**TRY IT**
Only one span of the listing below should come back. It runs from the line with "Page Exclusions –" through the line with "A rare chance", and each of its lines must be reproduced exactly.

**RECORDS FOR THIS EXERCISE**
——————
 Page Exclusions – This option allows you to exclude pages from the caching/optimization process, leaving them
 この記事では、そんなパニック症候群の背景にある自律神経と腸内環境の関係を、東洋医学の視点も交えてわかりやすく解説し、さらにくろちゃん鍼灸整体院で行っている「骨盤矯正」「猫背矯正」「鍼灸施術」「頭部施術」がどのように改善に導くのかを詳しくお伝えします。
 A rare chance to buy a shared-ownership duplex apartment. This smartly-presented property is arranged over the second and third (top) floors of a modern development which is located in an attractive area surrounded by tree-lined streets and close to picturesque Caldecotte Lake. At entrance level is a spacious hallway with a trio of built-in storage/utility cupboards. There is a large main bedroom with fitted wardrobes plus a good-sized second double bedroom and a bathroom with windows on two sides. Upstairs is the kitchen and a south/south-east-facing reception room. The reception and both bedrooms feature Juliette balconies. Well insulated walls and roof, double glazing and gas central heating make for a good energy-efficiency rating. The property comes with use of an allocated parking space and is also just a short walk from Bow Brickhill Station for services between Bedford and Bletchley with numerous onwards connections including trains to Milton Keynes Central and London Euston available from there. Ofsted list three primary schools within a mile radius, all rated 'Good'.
——————
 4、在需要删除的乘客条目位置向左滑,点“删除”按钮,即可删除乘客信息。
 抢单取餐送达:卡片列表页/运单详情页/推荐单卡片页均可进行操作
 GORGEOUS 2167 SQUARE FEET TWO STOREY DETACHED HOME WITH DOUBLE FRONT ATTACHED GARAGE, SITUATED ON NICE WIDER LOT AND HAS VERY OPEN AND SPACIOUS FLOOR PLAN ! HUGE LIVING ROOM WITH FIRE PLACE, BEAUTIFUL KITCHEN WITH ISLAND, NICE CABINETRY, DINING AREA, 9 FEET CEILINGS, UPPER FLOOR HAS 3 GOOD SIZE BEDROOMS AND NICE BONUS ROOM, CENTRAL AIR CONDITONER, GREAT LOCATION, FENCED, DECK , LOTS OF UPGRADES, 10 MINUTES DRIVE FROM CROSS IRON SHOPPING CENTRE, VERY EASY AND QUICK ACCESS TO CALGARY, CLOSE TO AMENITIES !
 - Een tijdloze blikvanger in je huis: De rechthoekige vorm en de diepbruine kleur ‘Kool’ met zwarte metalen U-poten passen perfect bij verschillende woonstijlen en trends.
——————
**RESULT OF THIS TASK**
 Page Exclusions – This option allows you to exclude pages from the caching/optimization process, leaving them
 この記事では、そんなパニック症候群の背景にある自律神経と腸内環境の関係を、東洋医学の視点も交えてわかりやすく解説し、さらにくろちゃん鍼灸整体院で行っている「骨盤矯正」「猫背矯正」「鍼灸施術」「頭部施術」がどのように改善に導くのかを詳しくお伝えします。
 A rare chance to buy a shared-ownership duplex apartment. This smartly-presented property is arranged over the second and third (top) floors of a modern development which is located in an attractive area surrounded by tree-lined streets and close to picturesque Caldecotte Lake. At entrance level is a spacious hallway with a trio of built-in storage/utility cupboards. There is a large main bedroom with fitted wardrobes plus a good-sized second double bedroom and a bathroom with windows on two sides. Upstairs is the kitchen and a south/south-east-facing reception room. The reception and both bedrooms feature Juliette balconies. Well insulated walls and roof, double glazing and gas central heating make for a good energy-efficiency rating. The property comes with use of an allocated parking space and is also just a short walk from Bow Brickhill Station for services between Bedford and Bletchley with numerous onwards connections including trains to Milton Keynes Central and London Euston available from there. Ofsted list three primary schools within a mile radius, all rated 'Good'.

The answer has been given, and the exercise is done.